森の中を彷徨っていると森の中に住んでいた住人に助けられたこと。
その住人の元で暮らしたいので、寮生活ができないことを、ダコさんを使ってアピールしながら説明しました。
必死に説明すれば、嘘もばれないはずです……。
それを聞いたトココ先生は、
「そうですか……。問題は無いとは思いますが、一応確認だけさせてもらいますね。
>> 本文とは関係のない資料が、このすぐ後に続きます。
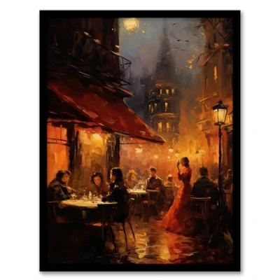 Artery8 Bohemian Artists At Bar Oil Painting 19th Century Paris Atmospheric Night Life La Boheme Opera Scene Artwork Framed Wall Art Print A4

それでは、教室のほうに向かいましょうか」
少し考え込んだ後に、寮の話は一旦保留という形にしました。
放課後までには、結論が出ていることでしょう。
そうして、案内が開始されることになったので、私はダコさんにしばしの別れを告げました。
「それじゃあ、行ってきますね」
「へーい……。あ、そうだご主人」
「?」
振り返って門へと向かおうとすると、ダコさんに引き止められます。
いつになく真剣な顔をしています。
「何かありましたか?」
私が聞き返すと、
「あの方も誰も説明してなかったから言っておく。耳貸して」
そう言って、私に近づいて来ました。
オウマ様と言わず、あの方と言ったのは名が知れ渡っているからでしょうか。
私が耳を傾けると、
「今のご主人。魔蝕計画で強くなってるから、下手すると簡単に人が死ぬぞ。魔法を使うにしても、最大限弱くすることを意識しなー」
そう耳打ちしてきました。
(そんなに強くなってたんですか……)
私は怖くなりましたが、とりあけずその言いつけを守ることにしました。
私は、こくっと頷いて、門へと向かいました。
色々ありましたが、いよいよ夢の留学生活の始まりです!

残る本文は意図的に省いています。